Single by Ozzy Osbourne

from the album Ordinary Man
- Released: 8 November 2019
- Recorded: 2019
- Genre: Heavy metal; gothic rock; blues rock;
- Length: 4:57
- Label: Epic
- Songwriters: John Osbourne; Andrew Watt; Ali Tamposi; Chad Smith;
- Producer: Andrew Watt

Ozzy Osbourne singles chronology
| "Take What You Want" (2019) | "Under the Graveyard" (2019) | "Straight to Hell" (2019) |

Music video
- "Under the Graveyard" on YouTube

= Under the Graveyard =

"Under the Graveyard" is a power ballad by English heavy metal singer Ozzy Osbourne. Written and produced with Andrew Watt, it was released as the vocalist's first single in eight years on 8 November 2019. The song was released as the lead single of, and packaged with, Osbourne's twelfth studio album Ordinary Man in 2020, which was his first album since Scream in 2010. The song features Watt on guitar, Guns N' Roses bassist Duff McKagan and Red Hot Chili Peppers drummer Chad Smith. The song reached number one on the US Mainstream Rock chart in December 2019. The song has been described as a "massive", "booming", "searing" and "epic" power ballad by Music Mayhem, Billboard, Revolver and Ghost Cult magazines, respectively.

==Background==
Osbourne recorded "Under the Graveyard" after working with rapper Post Malone, Travis Scott, and guitarist/producer Andrew Watt on the single "Take What You Want". The song was written by Osbourne and Watt with songwriter Ali Tamposi and drummer Chad Smith, who also performs on the track. Speaking about the recording, the vocalist commented that "Duff and Chad came in and we would go in and jam during the day and I would go work out the songs in the evenings. I previously had said to Sharon [Osbourne, Ozzy's wife and manager] I should be doing an album, but in the back of my mind I was going, 'I haven't got the fucking strength.' But Andrew pulled it out of me. I really hope people listen to it and enjoy it, because I put my heart and soul into this album."

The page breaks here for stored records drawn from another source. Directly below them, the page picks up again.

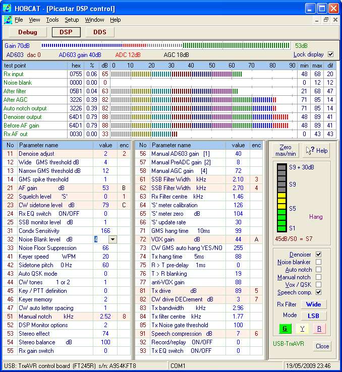 I was able to confirm the correct operating of this DSP display by running Hobcat's DSP display (via USB) and G3XJP's DSP monitor display (via RS232) alongside each other in the PC screen.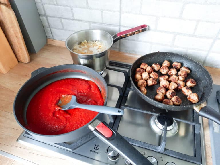 Zarumienione mięsne pulpeciki z intensywnie pomidorowym sosem z pomidorów z puszki, podane…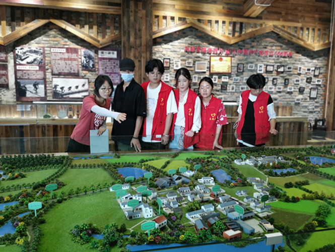 18日上午,孙阳阳带领团队成员前往杨庙镇刘云峰烈士馆进行学习。据了解,刘玉峰烈士纪念馆于2010年建成,汇集了以刘云峰为首的杨庙镇仁人志士的主要事迹,以“永恒的怀念”“辉煌的丰碑”“烽火的回忆”“血染的风采”为四大展陈板块,同学们在学习过程中了解建党以来杨庙地区的仁人志士为新中国的成立敢于抛头颅洒热血、不畏牺牲、奉献自我的英雄事迹,是他们用生命和鲜血谱写了一曲曲辉煌壮丽的战歌。同时,每天傍晚,团队成员分工与农场导师何业宁一起前往马郢周边的各村镇放映建党100周年红色主题电影,影片讲述了老一辈革命先烈为救人民于水火之中的英勇事迹,展现了中国共产党成立100周年来的辉煌历程。
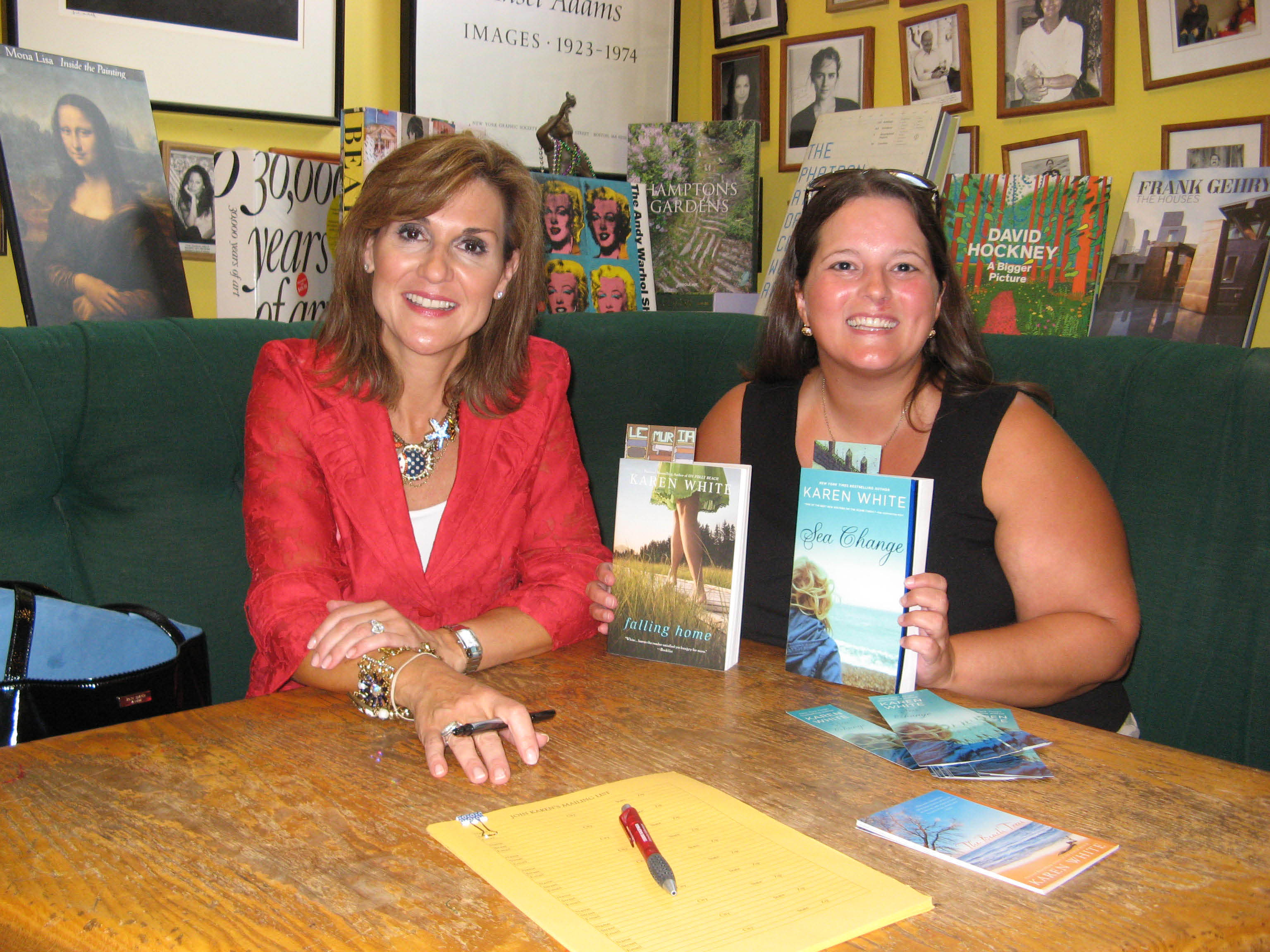 Karen White stopped by Lemuria Books to sign and read from her latest book, Sea Change. But as 2 ladies (Terri and Stacy) found out, Karen was gracious enough to sign all the books they had to have signed. Karen White  appreciates fans!

Ozzy Osbourne was 70 years old when the song was made. He had recently faced severe life threatening illness in 2019 with a stay in intensive care for severe respiratory disease. He also was seriously injured in a fall - a leading cause of death in people of his demographic. He also had a diagnosis of Parkinson's disease - an incurable neurodegenerative disease.

==Music video==
A music video for the song, which was teased on Osbourne's official Twitter, was released on 19 December 2019. Directed by Jonas Åkerlund, it stars actors Jack Kilmer and Jessica Barden as Ozzy and Sharon, respectively.

==Reception==
Writing for the website Loudwire, Joe DiVita described "Under the Graveyard" as "a non-traditional song for Ozzy", claiming that "the newfound influence presents itself in the genre-hopping arrangement". DiVita went on to add that "Fuzz-drenched lead guitars, romping bass lines and alt-rock undertones make this one hard to define. The frontman's performance is strong and reflective, admitting past mistakes while exposing vulnerability and inner conflict."

==Personnel==
- Ozzy Osbourne – vocals
- Andrew Watt – guitar, bass, keyboards, production
- Duff McKagan – bass
- Chad Smith – drums
- Charlie Puth – keyboards
- Happy Perez – keyboards

==Charts==

===Weekly charts===

| Chart (2019–2020) | Peak position |
|---|---|
| New Zealand Hot Singles (RMNZ) | 29 |
| Scottish Singles Sales (Official Charts) | 77 |
| US Hot Rock & Alternative Songs (Billboard) | 3 |

===Year-end charts===

| Chart (2020) | Position |
|---|---|
| US Hot Rock & Alternative Songs (Billboard) | 41 |

==Certifications==

| Region | Certification | Certified units/sales |
| Canada (Music Canada) | Gold | 40,000^{‡} |
^{‡} Sales+streaming figures based on certification alone.